Por Orlando Sáenz
Tal vez una buena forma de comenzar a buscar la respuesta a esa pregunta sea repasar la historia para investigar si existen en ella conflictos similares al que nos aflige y, de ser así, profundizar las formas en que fueron o no fueron resueltos. De inmediato obtenemos por ese camino un resultado alentador: el conflicto planteado por un pueblo étnica y culturalmente distinto que queda enquistado en el territorio de un estado que le es ajeno es, tal vez, el más frecuente y recurrente en los seis o siete milenios de registro histórico que conocemos. Ello es consecuencia inevitable de la mayor velocidad con que cambia el mapa político del mundo en relación al étnico–cultural. De hecho, constatamos que han sido raros los estados que, desde su constitución, han poseído una población total de una sola identidad étnico–cultural. Muy por el contrario, la norma es que los estados nacen con una población compuesta por más de un grupo de ese tipo y que alcanzan una población completamente homogénea, culturalmente hablando, solo a través de un largo proceso de mestizaje. Dicho de otro modo, con políticas acertadas y constantes los estados se convierten en verdaderos crisoles donde se funden distintos grupos étnico–culturales para terminar creando una nueva y única nacionalidad. Es a esa política y a esa función creadora que apunta el lema que, por ejemplo, constituye en divisa el escudo norteamericano: “e pluribus unum”.
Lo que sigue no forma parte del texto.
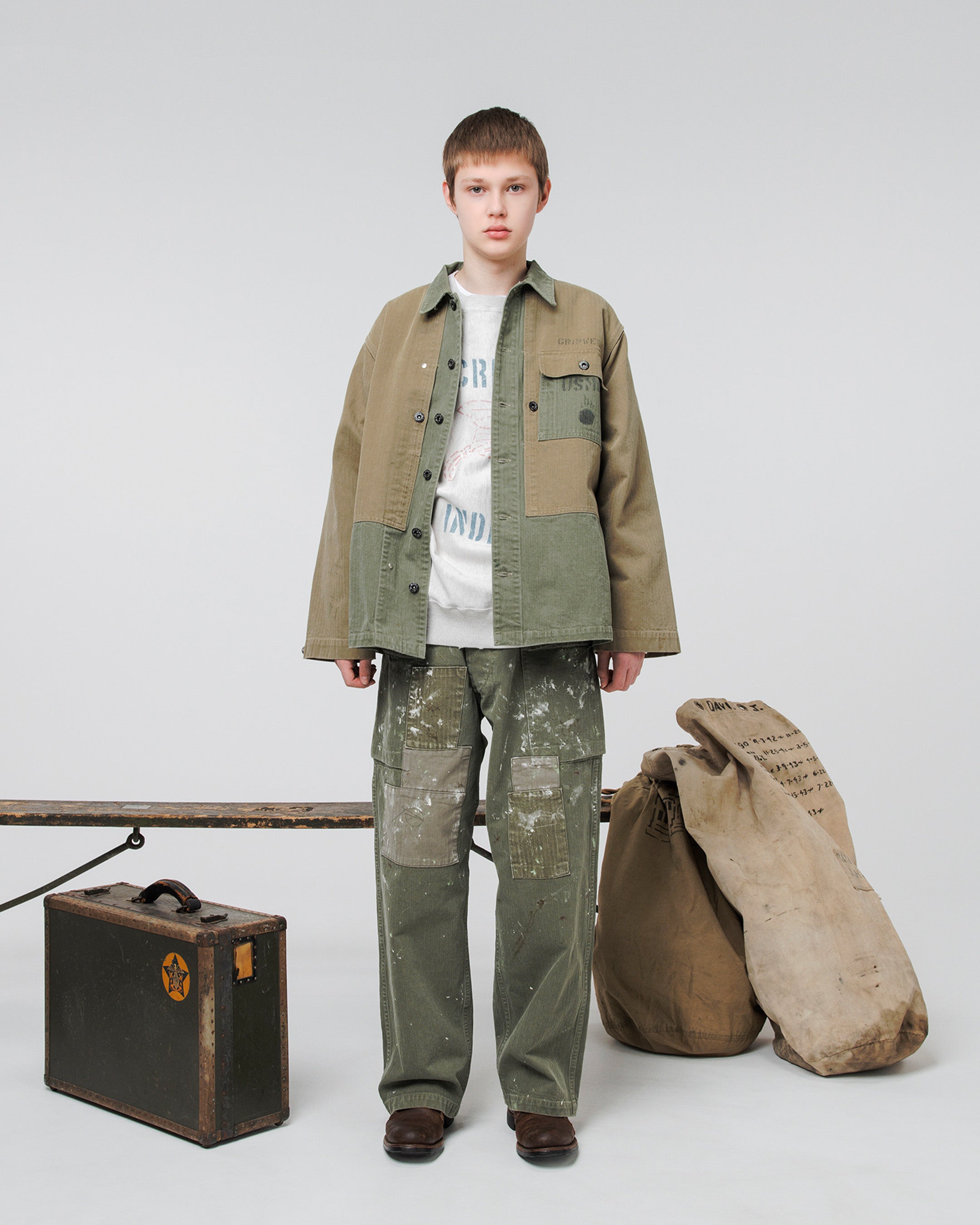 PAINT STAINED USMC P-44 HBT TROUSERS #PAINT STAINED OD [BW252-PU4HT]
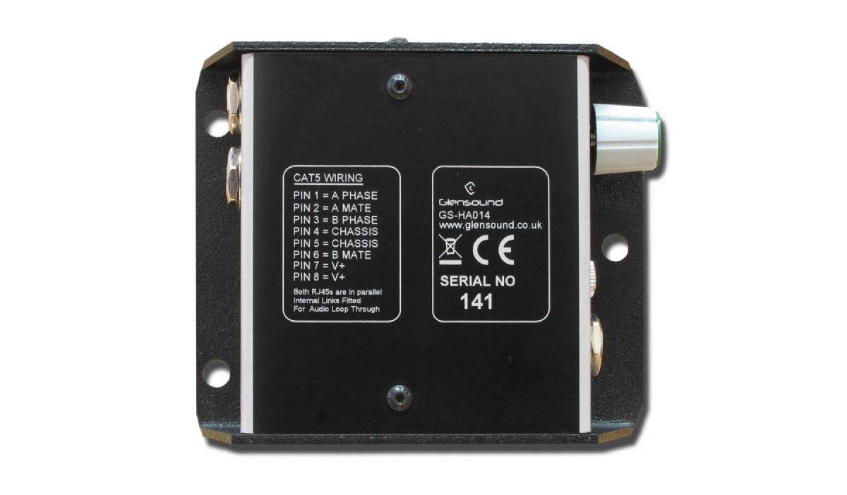 The GS-HA014 is suitable for use with a wide range of input levels, a pair of preset gain controls accessed via small holes in the top of the unit allow both broadcast (0dB) and domestic (-10dB) input levels to be accommodated.
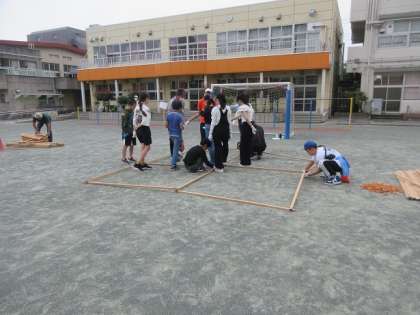 使用するのは、180センチと90センチの細い杉の木、固定に使うにはゴムバンドです。土台になる部分などを丁寧に作っていきます。
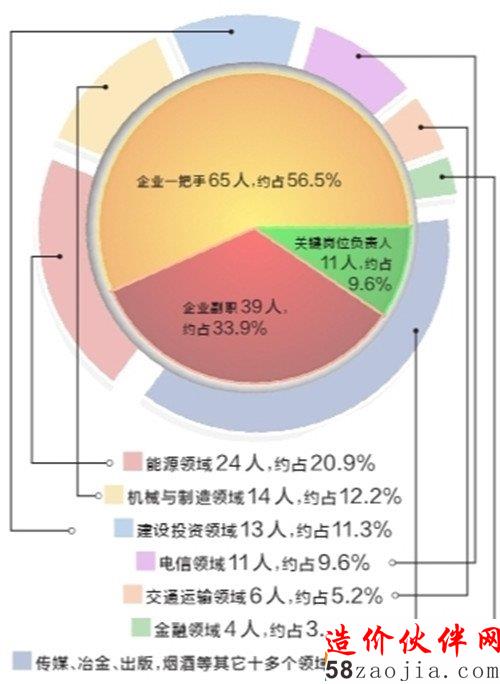 董事长、总经理等一把手毫无意外地成为国企腐败分子中的“大多数”。115名“落马”国企高管中,董事长、总经理等企业一把手共有65人,如广东电网公司原总经理吴周春、上海市电力公司原总经理冯军等,占比约56.5%。

Teniendo en cuenta estos transparentes conceptos, podemos mirar el actual mapamundi político para distinguir tres diferentes situaciones. La primera, y las más feliz desde este punto de vista, es la de aquellos estados en que el proceso de mestizaje étnico–cultural llegó a completarse, como es el caso de gran parte de los países de Europa Occidental. Si tomamos a Inglaterra como ejemplo, apreciamos que antes de la avalancha migratoria había alcanzado una cultura bastante homogénea que abarcaba a toda su población, y ello a partir de un amplio conglomerado de pueblos étnica y culturalmente muy diferentes (celtas, germanos, sajones, vikingos, normandos, etc.). La segunda categoría es la de aquellos estados en que el proceso de mestizaje étnico–cultural no se ha completado todavía, pero que está en proceso sin obstáculos mayores previsibles. Tal es el caso de casi todos los países americanos.
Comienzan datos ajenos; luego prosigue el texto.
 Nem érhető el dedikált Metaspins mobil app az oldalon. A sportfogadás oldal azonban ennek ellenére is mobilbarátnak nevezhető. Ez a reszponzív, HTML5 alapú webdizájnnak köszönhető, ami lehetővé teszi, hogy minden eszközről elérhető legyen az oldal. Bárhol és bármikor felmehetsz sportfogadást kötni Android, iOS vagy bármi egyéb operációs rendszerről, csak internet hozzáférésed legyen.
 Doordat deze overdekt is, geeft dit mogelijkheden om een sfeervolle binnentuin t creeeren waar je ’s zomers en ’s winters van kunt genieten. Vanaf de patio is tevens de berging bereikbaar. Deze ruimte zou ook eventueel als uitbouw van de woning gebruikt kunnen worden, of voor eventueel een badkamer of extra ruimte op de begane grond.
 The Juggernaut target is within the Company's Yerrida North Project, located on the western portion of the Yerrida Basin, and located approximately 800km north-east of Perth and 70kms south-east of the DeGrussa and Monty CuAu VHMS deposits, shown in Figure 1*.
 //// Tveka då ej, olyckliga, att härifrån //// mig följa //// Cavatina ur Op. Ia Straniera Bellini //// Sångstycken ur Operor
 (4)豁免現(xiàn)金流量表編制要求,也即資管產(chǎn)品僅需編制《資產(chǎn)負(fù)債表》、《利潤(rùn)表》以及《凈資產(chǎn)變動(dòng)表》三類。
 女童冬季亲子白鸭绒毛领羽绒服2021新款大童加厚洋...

No obstante lo anterior, el mapamundi nos muestra también estados en que el proceso de integración nunca ha funcionado, a pesar del lánguido transcurrir de los siglos. Ello demuestra que existen pueblos irreductibles que, encapsulados en su ámbito geográfico, son refractarios a todo mestizaje, de modo que generan un conflicto perenne y con frecuencia violento dentro de los estados en que están enquistados. Es el caso, por ejemplo, de los armenios y kurdos en varios estados del Cercano Oriente, de los coptos en Egipto y Sudán, de los tibetanos en China. Existen, incluso, pueblos que mantienen un carácter encapsulado y conflictivo aún después de haber sido expulsados, y lo trasladan a donde quiera que vayan, como ocurre, por ejemplo, con los judíos y los gitanos.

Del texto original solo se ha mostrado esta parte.